Exercise directions
Leave out the pictures and output exactly the lines below from the one with "Embrace the winter" down to the one with "паре с закусками.", both of them included.
##### Data excerpts
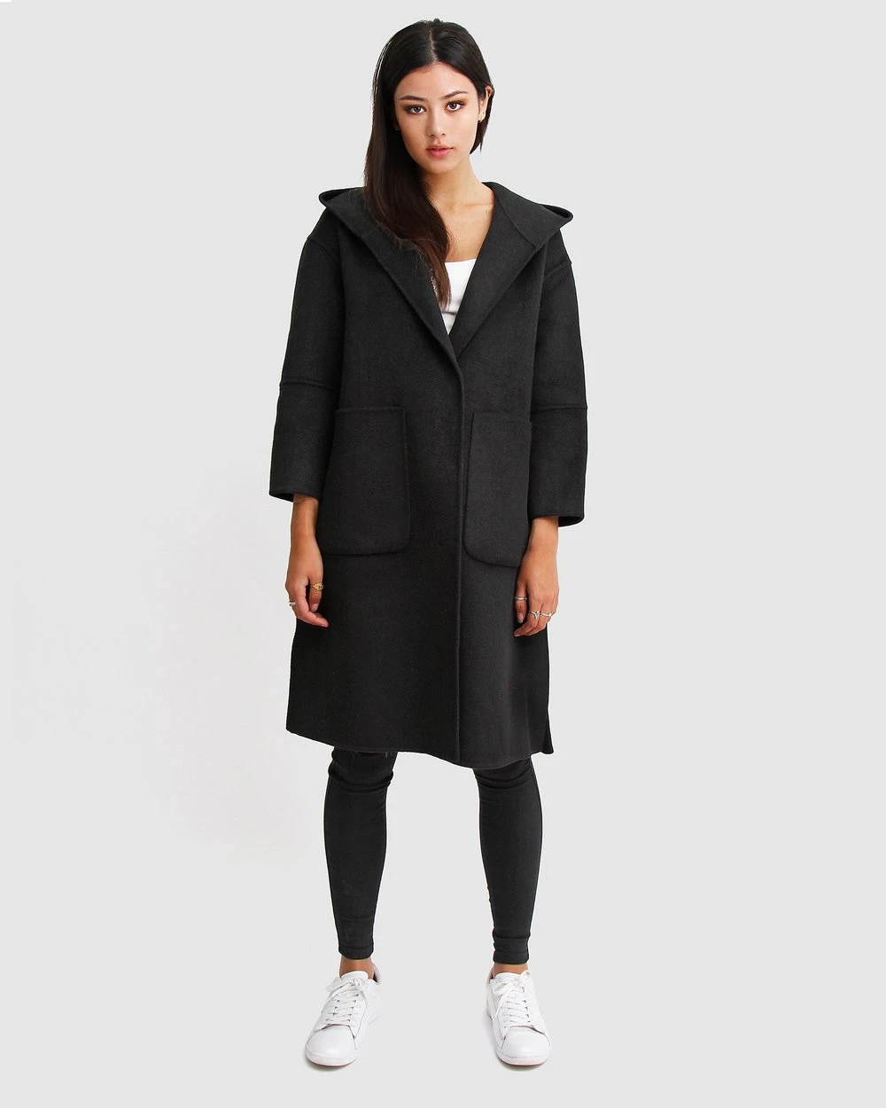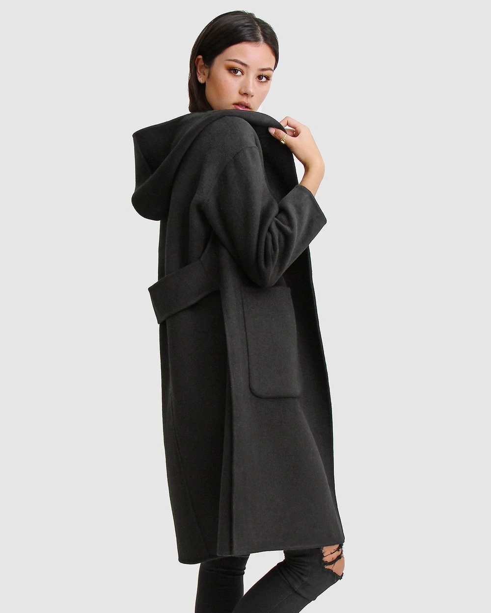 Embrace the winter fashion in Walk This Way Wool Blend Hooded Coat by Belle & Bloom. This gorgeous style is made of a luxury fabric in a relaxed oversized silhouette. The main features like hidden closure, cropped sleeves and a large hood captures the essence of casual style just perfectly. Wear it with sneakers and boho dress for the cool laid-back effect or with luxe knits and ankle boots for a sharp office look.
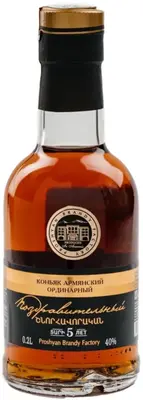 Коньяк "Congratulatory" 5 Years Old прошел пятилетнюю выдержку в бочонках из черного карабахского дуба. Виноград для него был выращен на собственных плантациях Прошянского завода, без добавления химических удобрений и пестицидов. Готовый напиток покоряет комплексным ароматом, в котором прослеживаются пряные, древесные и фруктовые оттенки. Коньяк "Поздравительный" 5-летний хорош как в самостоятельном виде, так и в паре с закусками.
##########
##### Data excerpts
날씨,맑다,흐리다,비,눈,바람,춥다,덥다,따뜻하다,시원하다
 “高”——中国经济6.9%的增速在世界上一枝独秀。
##########
Written solution
 Embrace the winter fashion in Walk This Way Wool Blend Hooded Coat by Belle & Bloom. This gorgeous style is made of a luxury fabric in a relaxed oversized silhouette. The main features like hidden closure, cropped sleeves and a large hood captures the essence of casual style just perfectly. Wear it with sneakers and boho dress for the cool laid-back effect or with luxe knits and ankle boots for a sharp office look.
 Коньяк "Congratulatory" 5 Years Old прошел пятилетнюю выдержку в бочонках из черного карабахского дуба. Виноград для него был выращен на собственных плантациях Прошянского завода, без добавления химических удобрений и пестицидов. Готовый напиток покоряет комплексным ароматом, в котором прослеживаются пряные, древесные и фруктовые оттенки. Коньяк "Поздравительный" 5-летний хорош как в самостоятельном виде, так и в паре с закусками.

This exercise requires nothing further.